(STORED DATA begins)
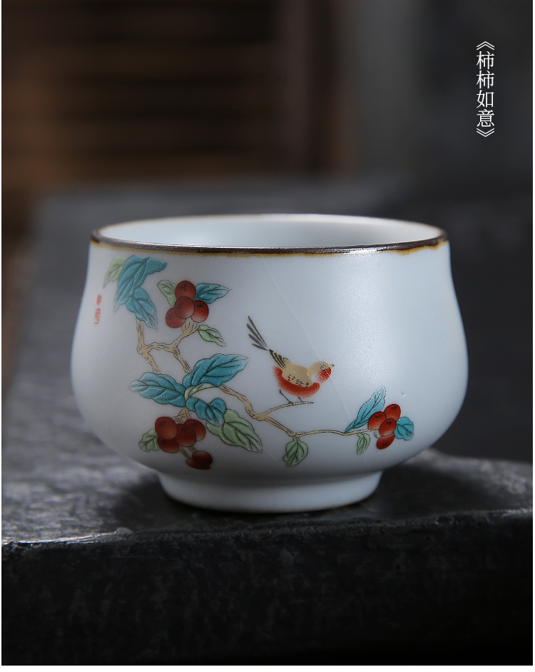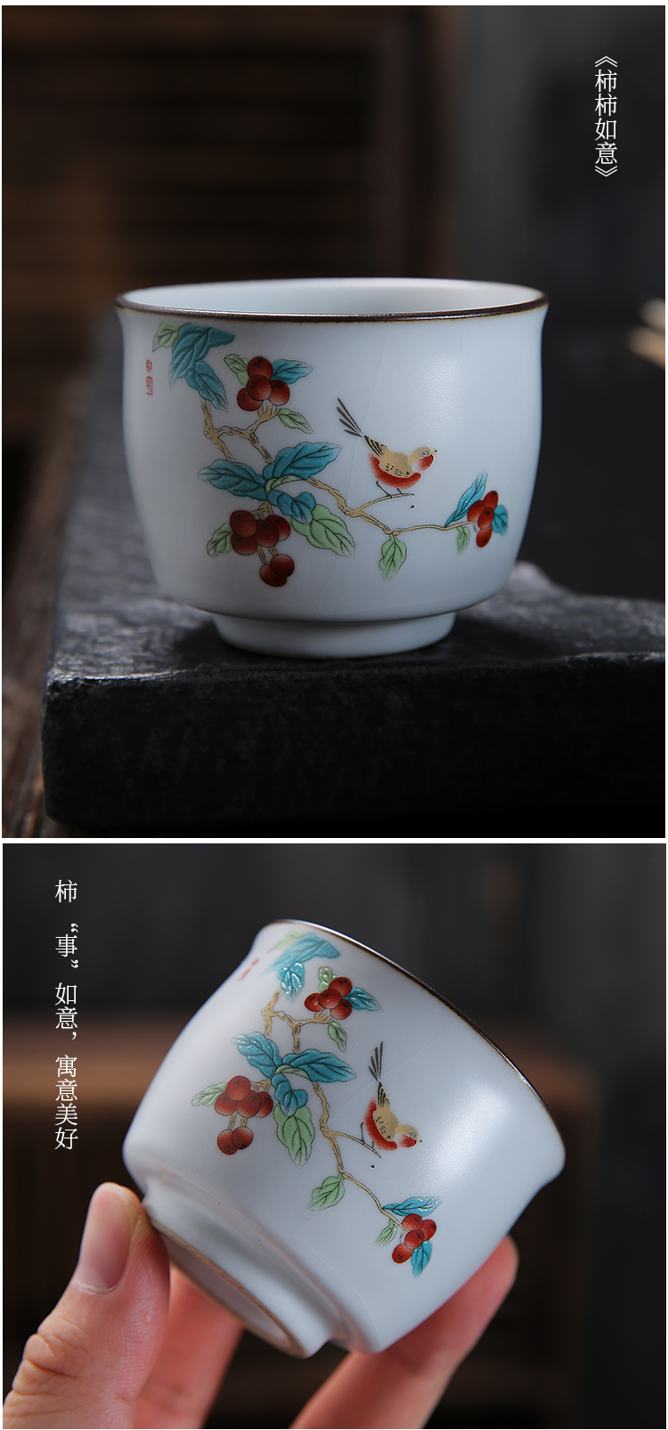 月白汝窯《禪意》主人杯-柿柿如意-開片可養金線
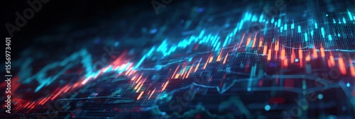 © stocks marketing, Obraz premium Abstract representation of financial market trends with blue and red line graphs data
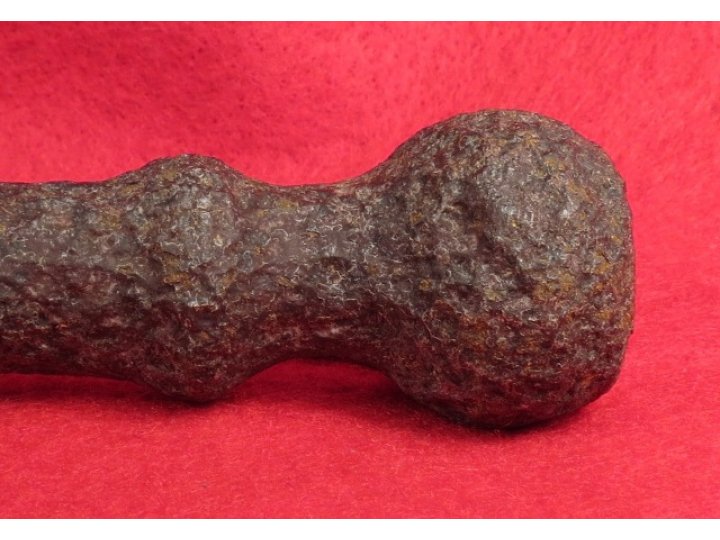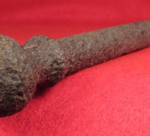 This Federal picket pin, constructed of wrought iron and measuring approximately 13 inches in length, was used in the field to secure the horses when resting. This specimen appears to be excavated, is missing its ring, and is in good solid stable condition. An example of a similar picket pin is pictured in "Civil War Artifacts" by Howard Crouch on page 129, item 2 and in "Excavated Artifacts from Battlefields and Campsites of The Civil War" by Stanley S. Phillips on page 79 as item 1. These pages are included in the additional images in this listing. This picket pin will be an excellent addition to any campsite, cavalry, or general relic collection.
(STORED DATA ends)
Exclude every image and return the material above exactly.

 月白汝窯《禪意》主人杯-柿柿如意-開片可養金線
 © stocks marketing, Obraz premium Abstract representation of financial market trends with blue and red line graphs data
 This Federal picket pin, constructed of wrought iron and measuring approximately 13 inches in length, was used in the field to secure the horses when resting. This specimen appears to be excavated, is missing its ring, and is in good solid stable condition. An example of a similar picket pin is pictured in "Civil War Artifacts" by Howard Crouch on page 129, item 2 and in "Excavated Artifacts from Battlefields and Campsites of The Civil War" by Stanley S. Phillips on page 79 as item 1. These pages are included in the additional images in this listing. This picket pin will be an excellent addition to any campsite, cavalry, or general relic collection.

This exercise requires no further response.